La filière gaz redoute un scénario « tout électrique »

Les Echos Les Echos - il y a 17 jours

La filière du gaz mise sur l'essor du biométhane, produit à partir de déchets agricoles. - Photo Gilles Rolle/REA

Engie, GRDF ou GRTgaz défendent la place du gaz vert dans la feuille de route énergétique que prépare le gouvernement.

La France peut-elle se passer du gaz ? Alors que le gouvernement met la dernière main à la feuille de route énergétique du pays,[1] la filière redoute un scénario où l'électricité, forte de son empreinte carbone favorable, dominerait, au détriment des autres ressources. « Pour certains la voie à emprunter est simple, elle est monolithique et consiste à miser exclusivement sur un vecteur énergétique qui est l'électricité, a critiqué la semaine dernière Isabelle Kocher, la directrice générale d'Engie. Je ne crois pas à un scénario tout électrique[2]  ».

Chute de la consommation

Si la filière se mobilise, c'est que les premières versions de la stratégie nationale bas carbone et de la programmation pluriannuelle de l'énergie (PPE) que prépare le gouvernement prévoyaient une chute drastique de la place du gaz en France. Pour 2050, les premiers documents tablaient sur une consommation légèrement supérieure à 100 terrawattheures, contre environ 500 aujourd'hui.

Les services de l'Etat seraient revenus à un scénario moins radical, avec une consommation annuelle « comprise entre 200 et 300 terrawattheures en 2050 », selon plusieurs sources du secteur.

Les acteurs du gaz français, qui s'inquiètent du pouvoir d'EDF,[3] ne sont pas totalement rassurés pour autant. Ils tentent de faire passer le message suivant : viser une électricité 100 % décarbonée n'est pas réaliste.

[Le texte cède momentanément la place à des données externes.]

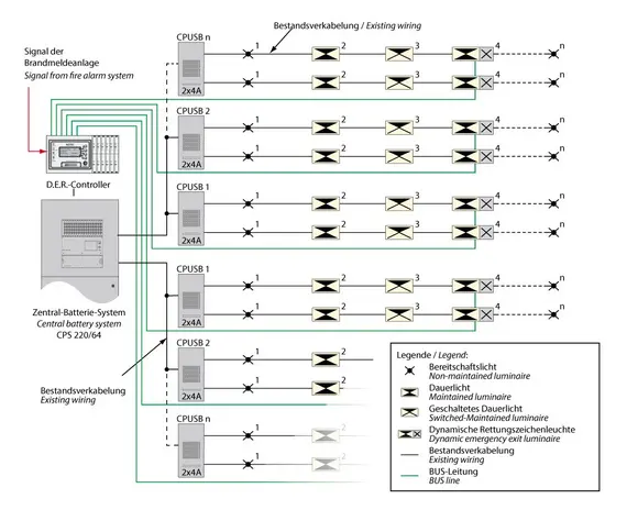Il sistema deve poi essere collegato sia all’alimentazione ordinaria sia a una fonte di alimentazione di sicurezza, come i pacchi batterie di un sistema centralizzato. Questa doppia alimentazione è il cuore del sistema di emergenza: consente l’attivazione automatica degli apparecchi nel momento in cui si interrompe l’energia principale, senza che sia necessario alcun intervento manuale.

D'abord parce qu'une partie est produite par des centrales à gaz ou au charbon, en particulier pendant les pics de demande. Si tous les chauffages au gaz étaient remplacés par des radiateurs électriques, la part des énergies fossiles dans la production d'électricité serait amenée à progresser... à moins d'augmenter la part du nucléaire, ce qui n'est pas le but du gouvernement. « Et il faudrait complètement redimensionner les réseaux de transport et de distribution d'électricité », pointe un expert du gaz, qui dénonce « la violence du lobby électrique, EDF en tête ».

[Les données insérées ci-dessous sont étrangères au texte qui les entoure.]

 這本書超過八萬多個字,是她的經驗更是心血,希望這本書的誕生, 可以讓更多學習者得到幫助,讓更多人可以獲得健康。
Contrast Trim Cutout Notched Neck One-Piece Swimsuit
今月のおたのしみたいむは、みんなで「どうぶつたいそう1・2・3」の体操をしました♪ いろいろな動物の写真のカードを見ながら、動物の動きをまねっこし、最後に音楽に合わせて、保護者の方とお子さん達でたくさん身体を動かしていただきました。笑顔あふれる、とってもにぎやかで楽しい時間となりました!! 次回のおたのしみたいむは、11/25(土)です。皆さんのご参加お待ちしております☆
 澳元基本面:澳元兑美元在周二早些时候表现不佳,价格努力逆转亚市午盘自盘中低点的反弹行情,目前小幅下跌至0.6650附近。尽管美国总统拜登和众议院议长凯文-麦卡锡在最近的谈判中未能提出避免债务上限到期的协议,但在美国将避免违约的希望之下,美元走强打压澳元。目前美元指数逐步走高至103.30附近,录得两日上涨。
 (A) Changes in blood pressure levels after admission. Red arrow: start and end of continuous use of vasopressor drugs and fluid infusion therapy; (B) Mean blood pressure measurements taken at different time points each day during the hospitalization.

« La solution la plus économique »

Engie, GRDF, GRTgaz... Tous les acteurs du gaz français mettent en avant le potentiel du gaz vert dans la transition énergétique[4] , en particulier le biométhane produit à partir de déchets agricoles. Ils se targuent d'avoir le soutien de l'opinion publique et celui des agriculteurs qui voient là une source de revenus.

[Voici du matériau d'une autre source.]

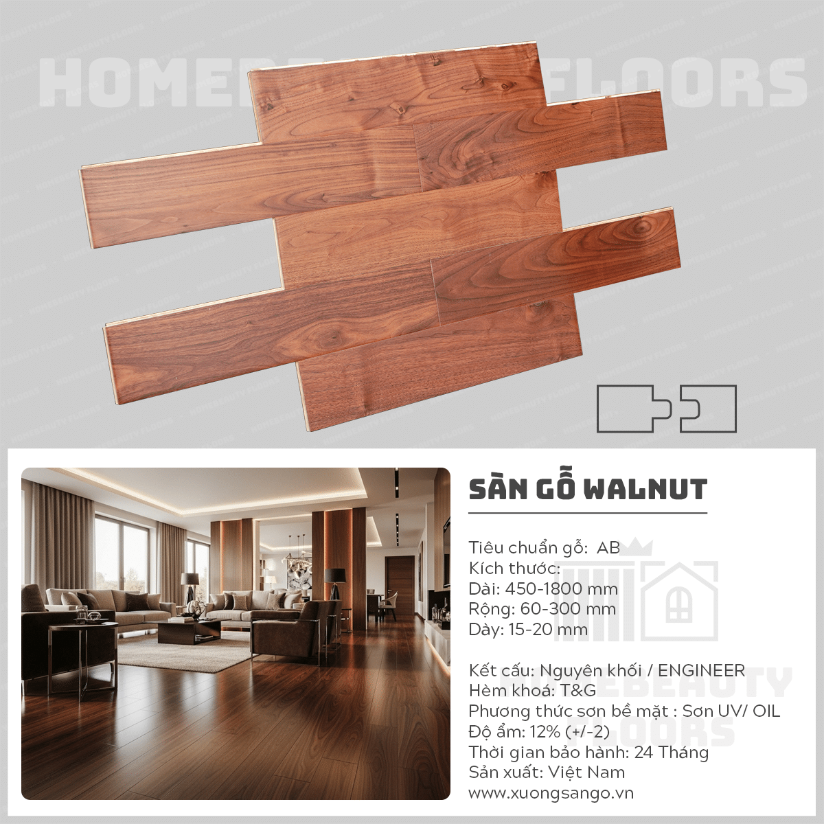 • Tính Bền Vững: Người tiêu dùng ngày càng quan tâm đến việc chọn lựa các sản phẩm có nguồn gốc bền vững và thân thiện với môi trường. Sàn gỗ walnut từ nguồn gỗ tái chế hoặc từ các nguồn gỗ có nguồn gốc bền vững đáp ứng yêu cầu này, mang lại sự yên tâm cho người tiêu dùng.

Pour Jacques Archimbaud, qui a présidé le débat public pour préparer la PPE, les participants aux débats ont envoyé « un message clair : donnez au gaz une place plus importante que ce qui est prévu dans la trajectoire actuelle ». La campagne de la filière pour que le biogaz représente 30 % de la consommation de gaz en 2030 « a rencontré un fort écho », a-t-il déclaré cet été. « Le gaz vert est la solution décarbonée la plus économique pour répondre aux besoins de chauffage en hiver », ajoute Edouard Sauvage, le directeur général de GRDF. Au gouvernement d'en tenir compte.